China is heavily invested in space, and has the advantage of sixty years of US and Russian space science to build on, giving it leapfrog advantages over other countries including the EU and India. It is not just re-doing the American space program; it is doing it better. Unlike the US, China regards space as essential to its international scientific prestige. It is looking forward to the day, within twenty years, when the International Space Station is retired and the planned Chinese Space Platform will be the only town in the game. Last month, China launched its first cargo rocket, the Long March-7, and currently has astronauts orbiting the earth for a month in Shenzhou 11 spacecraft launched atop a Long March 2F. The Chinese love space; America, even amidst talk of a Mars mission, don’t really care anymore. The attitude among the Second Amendment crowd who supported Trump is Call me if we get there.

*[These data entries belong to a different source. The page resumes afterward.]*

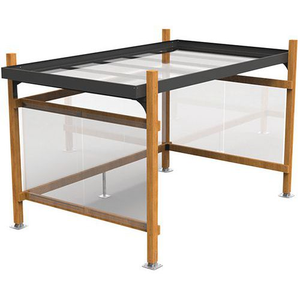 Fietsen- en motorstalling, onderscheidt zich door zijn moderne stijl, half hout, half staal. Frame van larixhout. Vierkante palen van geschaafd larixhout van 100 mm en liggers van larixhout 120 x 45 mm. Steunbalk op dak van stalen buizen en verstelbare poten op voetplaten. Thermohardende polyesterhars gebakken op 200°C, UV-bestendig. Dak van polycarbonaat kanaalplaat, behandeld tegen UV, met een dikte van 10 mm. Montageschroeven van roestvast staal, klasse A2. Gehard transparant veiligheidsglas, met een dikte van 6 mm. Fietsenrek afzonderlijk te bestellen Bij een aanvraag om installatie moet de vragenlijst worden ingevuld om ervoor te zorgen dat het product zo snel mogelijk wordt geleverd en de installatie in optimale omstandigheden kan worden uitgevoerd. Dit product kan niet worden geretourneerd: product wordt op maat gemaakt.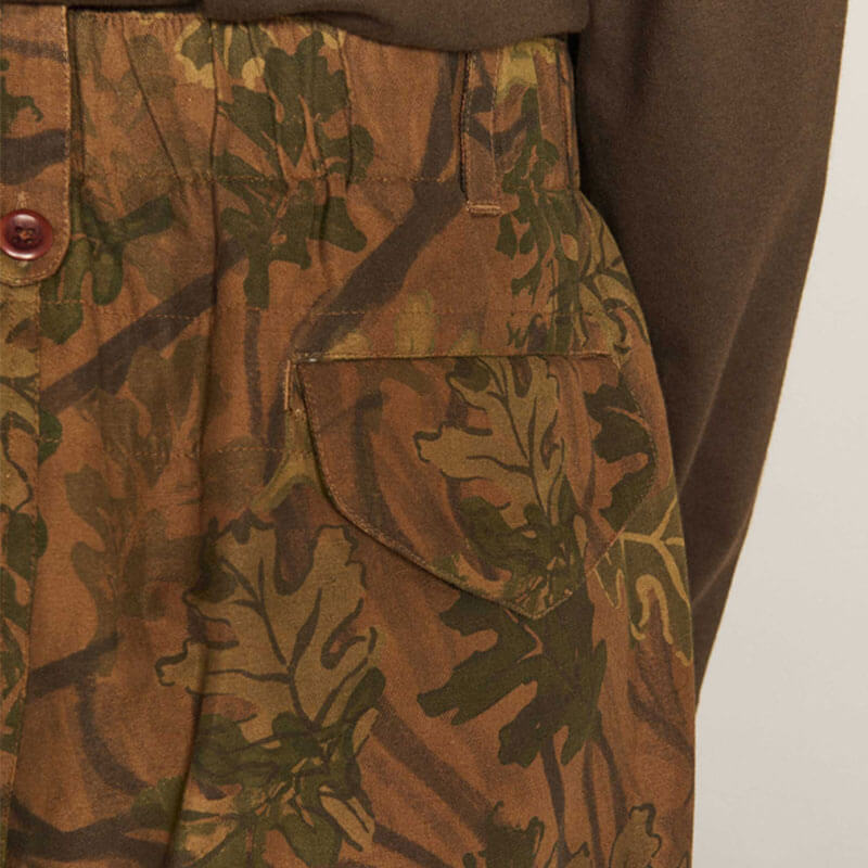 YMC Military Trouser – Brown Multi: Relaxed fit trouser with an all-over leaf print camouflage that nods to its military influence. Finished with utilitarian detailing including a leg patch pocket and drawstring waist. Crafted in cotton twill and included in the last FW23 collection, this YMC Military Trouser – Brown Multi features: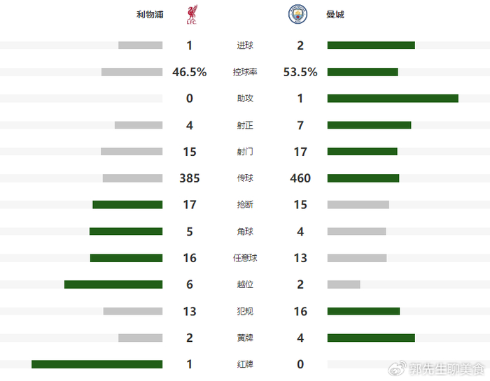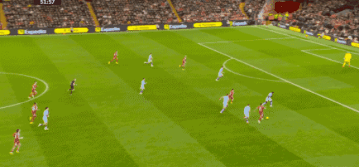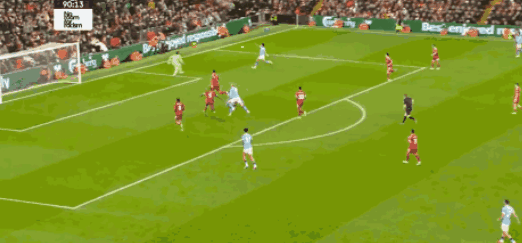 第90+3分钟,阿利森禁区内扑倒曼城进攻球员,送给了对手一粒点球,哈兰德主罚命中,将比分定格为了2-1。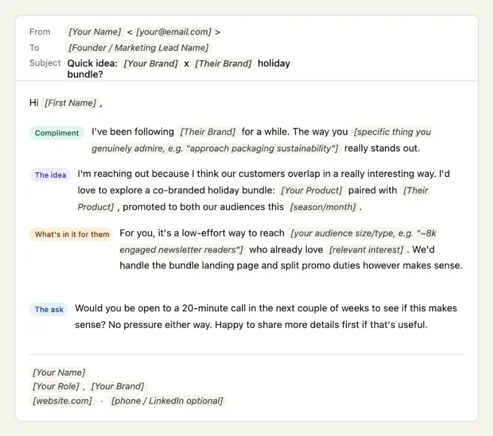 - Subject line: Keep it specific and short. "Quick idea: [Your Brand] x [Their Brand] holiday bundle?" works better than "Partnership opportunity."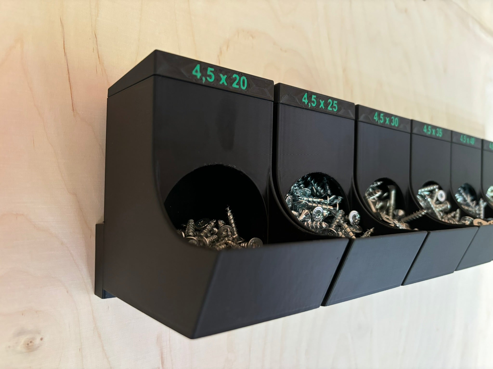 Il design è semplice da stampare, e tutte le parti possono essere stampate senza materiale di supporto, ad eccezione dei coperchi. Puoi aggiungere testo o etichette per creare una soluzione di stoccaggio personalizzata che si adatti alle tue esigenze specifiche. I materiali possono variare, ma PETG e PLA danno buoni risultati. Con questo Vaso per Viti puoi facilmente organizzare e accedere alle tue viti o attrezzi, risparmiando così tempo e confusione nel tuo lavoro quotidiano.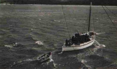 Small boat from HMAS Orara recovers the body of the co-pilot of Wirraway A20-189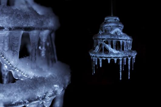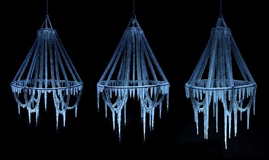 This ephemeral work of nature exudes a timeless boreal light.This faraway, atmospheric light reinterprets a crystal baroque chandelier. It sees water, frost and ice as functional materials, and enhances each of their aesthetic, ecological and structural qualities. This project considers factors of climate as potential drivers that can interact with manmade objects.

Ass recently as 2012 when I first arrived in China, the NPC was a bit cagey about the levels of pollution in the capital. The United States Embassy, with its own small meteorological lab atop their compound, insisted on taking and publishing daily readings showing the rather horrible quality of the air. But when the correlation between rapid development and the amount of unbreathable and dangerous particulate matter in the air became an undeniable certainty, China took bold and assertive steps towards correction. It now has the most ambitious program to curb emission-based pollution of any country, and its long term plan involves billions of dollars to be invested in making China a clean-air country by 2026. No one in China—no citizen of Beijing or Shanghai or Hangzhou—has any doubt that people cause pollution and pollution is ruining the planet: they see it and smell it and want it fixed. My students in Hangzhou and in Beijing are practical. On high pollutant days—every day in Beijing—they wear face masks the way some of us might carry umbrellas if there are clouds. If Mr Trump would care to spend December in Beijing, he might be persuaded too. But it is unlikely that he will. Instead he will sit beneath a blue canopied sky in Washington DC trying to repeal laws and calling global warming a hoax. He will do this, he says, because he wants to make America Great Again.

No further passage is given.